In New Zealand, people aged 65 are eligible to be vaccinated with Shingrix for free, and some immuno-compromised people are funded at a younger age. It requires two doses and costs $600-$800 for everyone else. Shemesh suggests age 50 as the ideal time to be vaccinated for a chance of lowering dementia risk. At this stage, it’s not known if it’s inhibiting the virus that reduces risk or whether other chemicals contained in vaccines might have beneficial effects on brain health. But routine flu vaccinations have been associated with lower dementia risk, as has pneumococcal vaccination and, given that a Covid-19 infection has adverse neurological effects, there is a possibility that increased immunity to that virus may have long-term brain benefits.
Schultek would like screening for infections to be routine when people present to their doctor with memory issues. Although some organisms will be difficult to evict from the brain, there is the possibility that existing antimicrobial and antiviral drugs could be repurposed while new treatments are developed and at least keep them under control. The GLP-1 agonist weight-loss and diabetes drugs, such as Ozempic, have been associated with an up to 30% decreased risk of developing dementia so could be used as preventively for people deemed high risk.
“There may be clinicians out there right now who are open to screening a patient and checking to see what their antibody levels are for Chlamydia pneumoniae and herpes simplex 1 and 2,” says Schultek.

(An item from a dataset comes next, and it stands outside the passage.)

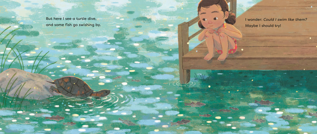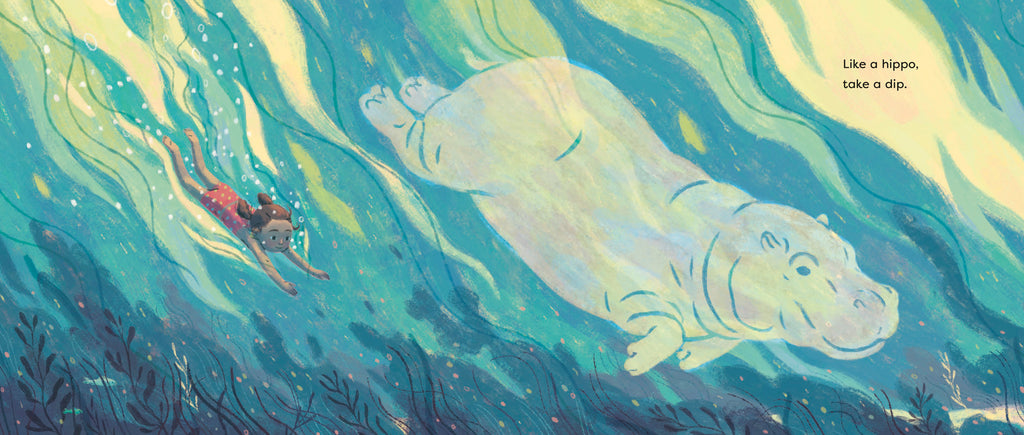Award-winning author and poet Marilyn Singer uses the beauty of nature to inspire young readers to find confidence and comfort in the water. As dolphins leap, ducks float, hippos dip, and pups paddle, children will be encouraged to embrace swimming with the same joy and courage shown by their fellow animals.

“I think as we move forward and identify which organisms are present, we will have a growing arsenal of therapeutics at our disposal, along with ways of preventing infections happening in the first place.”
Inflammation key
Balin sees potential in phage therapies, which use viruses that target and kill selective bacteria, and the genome editing technology CRISPR to offer a new generation of treatments. In his view, even if pathogenic organisms living in the brain are proving hard to eradicate, controlling inflammation is likely to be the key to preventing longer-term damage.

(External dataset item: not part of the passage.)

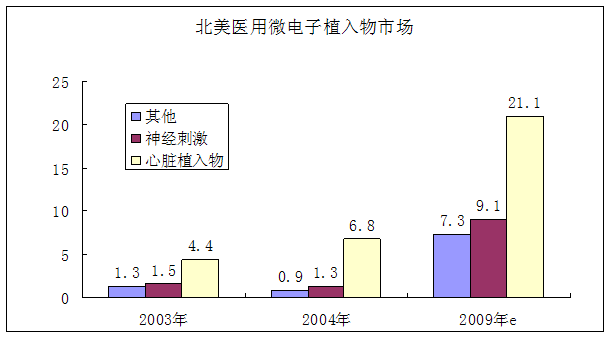 美国不仅是世界上医疗器材消费最多的国家,同时也是最大的医疗器材供应国,因为事实上全球将近半数的医疗器材,皆来自于美国的医疗器材制造商。根据2003年Frost&Sullivan的 研究 报告指出,2002年美国医疗器材产业营收总值约为576亿美元,并且预估至2005年更将达到745.1亿美元。此外由于2003年新一波潜力产品如药物涂层支架(drugelutingstents,DES)、心律同步治疗系统(CardiacResynchronizationTherapy,CRT)等之出现,以及美国医疗器材厂商间频繁之并购活动,都将提供整体产业更广大的市场与发展机会。

Dementia tends to happen later in life, but he believes this same “germ theory” may well apply to other neurological conditions that are diagnosed far earlier.
“Autism is usually diagnosed at a young age, then obsessive compulsive disorder and schizophrenia in teenagers, multiple sclerosis in young adults. We know the flu virus has been linked to schizophrenia, as has the parasite Toxoplasma gondii. So, if we’re infected at a certain point in time, does that lead to brain changes? It’s interesting to consider. And I think just about every chronic disease in the body will have some type of potential microbial involvement. It’s not all going to be causative, but it will be contributing to the nature of the chronic disease.”
A team-science approach seems to offer the best chance of finding out. “We have to throw out our egos, utilise the different strengths we all have and build on our knowledge base,” says Balin.
Shemesh believes fresh approaches are needed in Alzheimer’s research. He notes past studies have faced challenges, as researchers often shift focus to other conditions or produce data-heavy papers without clearly addressing the underlying causes of the disease.
He also highlights concerns about reliance on genetically engineered mouse models with mutations far beyond those typically found in humans.
Another criticism is that science has been too focused on finding a cure rather than the cause. The Alzheimer’s Pathobiome Initiative aims to change that.
Schultek appreciates it may be scary to confront the idea of a virus that leaves you with a cold sore today causing your brain to decline down the track. “But to me, what is actually scarier is people getting these diagnoses of dementia and having nearly no option for treatment.”